Acute Gout of the Knee


Gout is a crystal arthritis associated with high uric acid levels in the blood. Many people are familiar with gout in the great toe. However, gout can and does affect any joint and often affects tendons and ligaments.

Ultrasound signs of gout

Gout on ultrasound is most often seen as echogenic calcifications in the fluid, soft tissues around a joint, or cartilage. The most common finding is an effusion and swelling. The effusion could have float echogenic debris. The next most common finding is synovitis. This is seen as prominent synovial tissue with frond like projections floating in the synovial fluid. This may or may not have power doppler signal abnormality. The synovial tissue may also contain echogenic calcifications.

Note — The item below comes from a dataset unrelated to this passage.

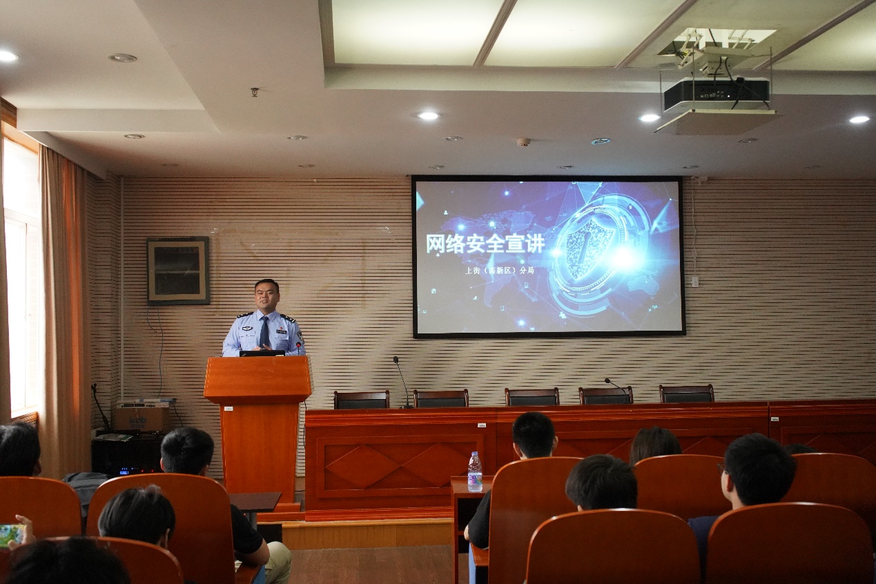 近日,保卫处联合计算机与网络空间安全学院开展国家安全宣传教育活动,邀请福州市公安局上街(高新区)分局长安派出所施豪杰、许杰峰两位警官为学院学生举行网络安全及预防电信诈骗专题讲座。

Significant findings that should lead the radiologist to suspect gout include the “double line sign”. This is seen as a bright line along the surface of the cartilage of the knee seen on the trochlear window view. This appearance is more specific for gout than for pseudogout. Erosions in the cartilage or bone can also be seen in either severe acute cases or chronic cases of gout. Lastly gouty tophi/soft tissue calcifications are seen outside of the joint.

Gouty Tophi

Gouty tophi are accumulations of crystals and inflamed tissue. This is classically seen at the great toe but frequently seen in other locations. The achilles tendon, ligaments and tendons of the ankle or wrist, rotator cuff, and even the patella tendon or quadriceps tendon. On ultrasound this is seen as soft tissue thickening of the ligament or tendon with echogenic foci. These can have a mass like appearance and indeed malignancy needs to be excluded as it remains in the differential diagnosis. Gouty tophi can also erode into the bone and mimic malignancy.


Acute gout attacks are most often treated with oral high dose steroids or colchicine. Colchicine may be contraindicated in patients with other co-existing conditions, especially cardiac conditions. A reasonable treatment approach is ultrasound guided joint or bursa aspiration followed by ultrasound guided steroid injection that can be used with oral colchicine or along with oral steroids. Patients often report marked improvement in symptoms before even leaving the office and continued relief as the oral steroid dose takes effect as well. This article is not intended to cover the scope of oral therapies for acute or chronic gout, only the added benefit of steroid injection in the acute setting of gout.

Follow up

Gout should be followed by the patient’s doctor to ensure clinical resolution of symptoms. If the patient had a finding on ultrasound that included a mass, that should also be followed up with an ultrasound to document this is either going away, staying stable, or is not growing. A follow up in three months is appropriate. A growing mass should be biopsied with ultrasound guidance to ensure there is no underlying malignancy.